§ **TASK REQUIREMENTS**:
Skip any pictures. Repeat the data exactly, from its first line through the line that holds "Bulk up without", both included.

§ **RAW DATA**:
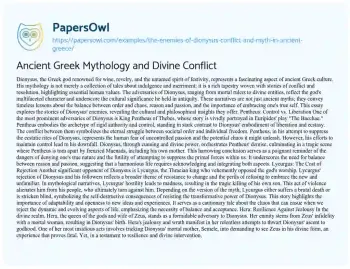 Ancient Greek Mythology and Divine Conflict. (2024, Jul 06). Retrieved from https://hub.papersowl.com/examples/the-enemies-of-dionysus-conflict-and-myth-in-ancient-greece/
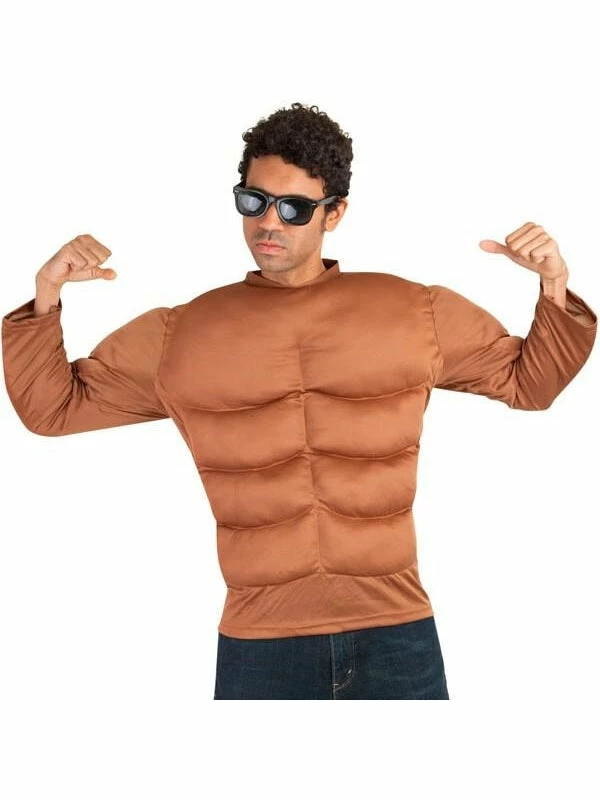Bulk up without the workout in this muscle chest top. Perfect for silly costumes. Also makes a great body builder outfit.
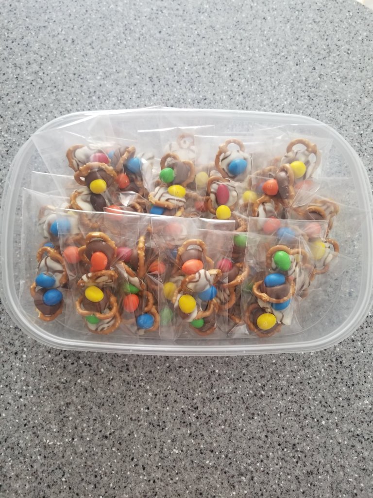Once they were cooled we were ready to package them up. She decided we should put 2 of each kind into these really cute and easy clear, baking bags I found on Amazon. This whole project was calm, easy and a perfect way for her to help give back.
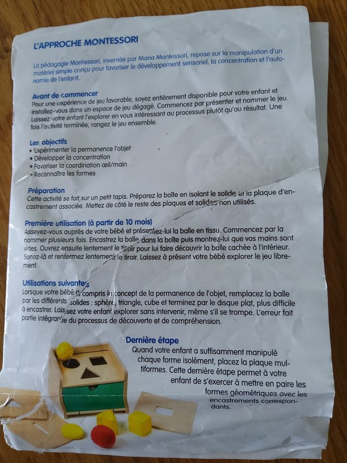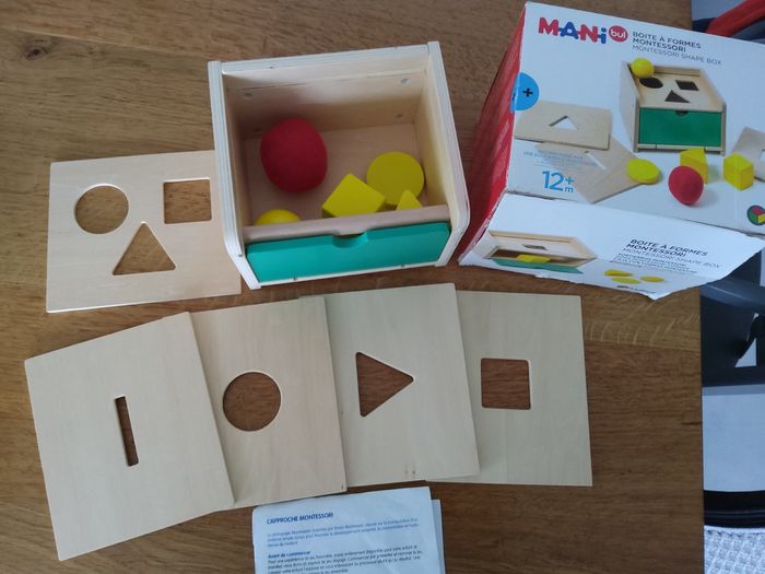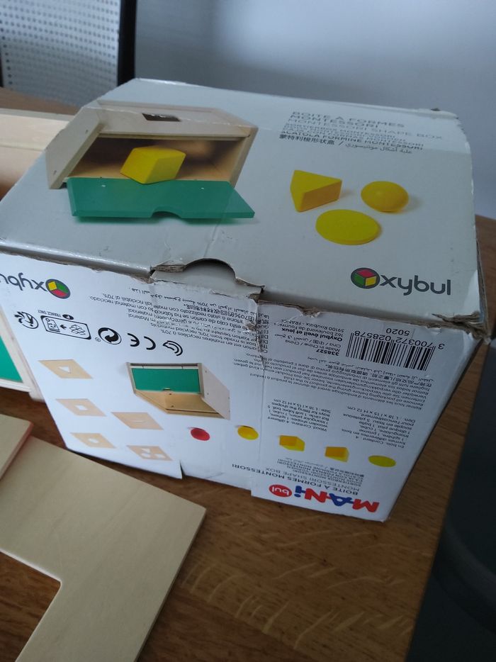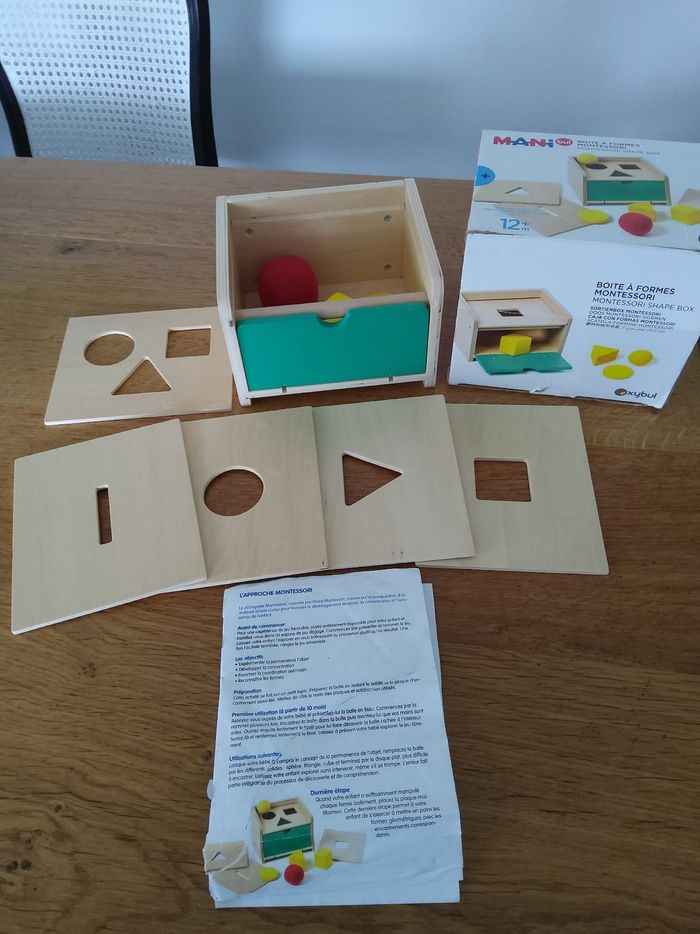 Boîte à formes Montessori, Oxybul, à partir de 12 mois, Boîte en bois complète avec sa notice( qui a subit les mains de bébé 😅) et sa boîte abîmée également. N'hésitez pas à rechercher par # de même catégorie #fifi4935jouets

§ **RESPONSE FOR THIS EXERCISE**:
 Ancient Greek Mythology and Divine Conflict. (2024, Jul 06). Retrieved from https://hub.papersowl.com/examples/the-enemies-of-dionysus-conflict-and-myth-in-ancient-greece/
Bulk up without the workout in this muscle chest top. Perfect for silly costumes. Also makes a great body builder outfit.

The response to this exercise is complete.